4 Conclusion

With combined prediction of protein-ligand complexes forming the next frontier for deep learning in computational structural biology, we need approaches for independent, comprehensive and blind assessment of prediction methods to better assess the advantages and shortcomings of classical and novel approaches. Two complementary approaches can be employed for this purpose: weekly continuous evaluation of structures released in the PDB, and the creation of a representative, diverse dataset for benchmarking.
In this study, we examined three challenges essential for establishing such systems in an automated and unsupervised manner: determining whether an experimentally solved PLC can be used as ground truth, assessing the interest or difficulty of a PLC for prediction, and automating the scoring of predicted PLC. In the process, we defined quality criteria for PLC pockets, assessed novelty in the PDB over the years, and developed an automated workflow for PLC prediction and assessment using newly developed scoring metrics. Ligand preparation is a known challenge in docking and throughout our research we faced obstacles in automating ligand preparation, in particular with molecule parsing and protonation.
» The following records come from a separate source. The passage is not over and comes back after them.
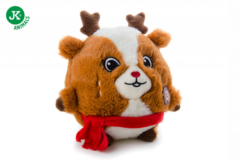 A JK Rénszarvas labda X-Mas (19 cm) egy kedves, ünnepi hangulatú plüss kutyajáték, amely tökéletes választás a karácsonyi időszakban, amikor szeretnéd meglepni kedvencedet valamivel különlegessel. A játék gömb alakú, barátságos rénszarvas mintával készült, amely azonnal meghozza az ünnepi hangulatot – mind a gazdi, mind a kutya számára.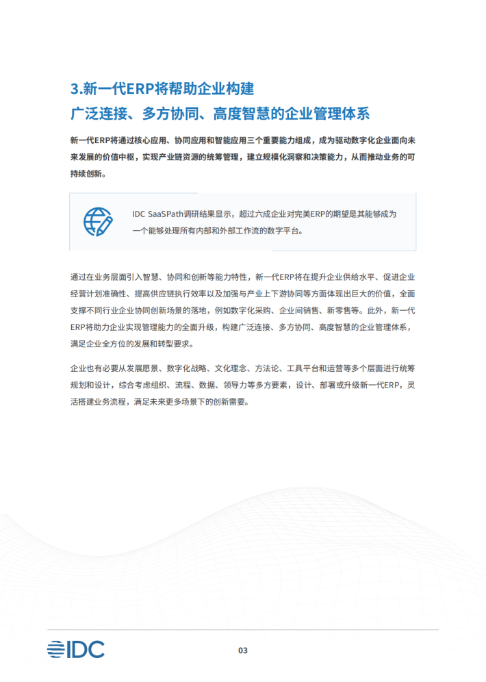 新一代ERP针对技术架构升级、数据能力建设以及业务价值提升等问题进行了全面重构,为数字化企业打开了全新的能力增长空间。与传统ERP聚焦企业内部财务与生产环节不同,新一代ERP将赋能目标扩展至企业的内外部和上下游,旨在帮助企业打造一个全链协同的供应链运行体系,不断增强各环节的处置效率、协同能力和智能化水平。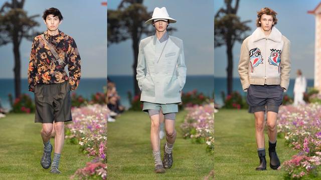 Dior(Dior)2023夏季男裝延續經典Dior套裝(BAR JACKET)廓形設計,用半透明歐根紗重塑男士硬朗的正裝造型。以回收羊絨制成的雙排扣精裁大衣,搭配借鏡自一九三零年代款式,並飾有束腰的短褲,與休閒鞋履搭配,以體現現代摩登感。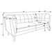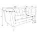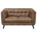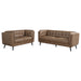 Host guests in your contemporary living room with this mid-century modern shelter style seating set, featuring plush grid tufted backrests and cushions upholstered in a soft brown performance coated microfiber for supreme comfort. This retro-inspired contemporary upholstered living room collection presents classic Chesterfield style frames, accented with wet trim details and flared tapered dark brown wood legs for a chic vintage vibe.

The PDBBind dataset has been frequently utilized for training deep-learning based docking methods and evaluating their accuracy. Many deep learning methods retained 363 PDBBind PLC as a test set based on their release date after 2019. However, this selection is not ideal for benchmarking, as only half of the structures meet the quality criteria indicating unreliable ground truth, redundancy removal was not performed, and diversity was not considered when choosing the PLC. Consequently, there is a need for a representative dataset that follows the concepts presented in this study.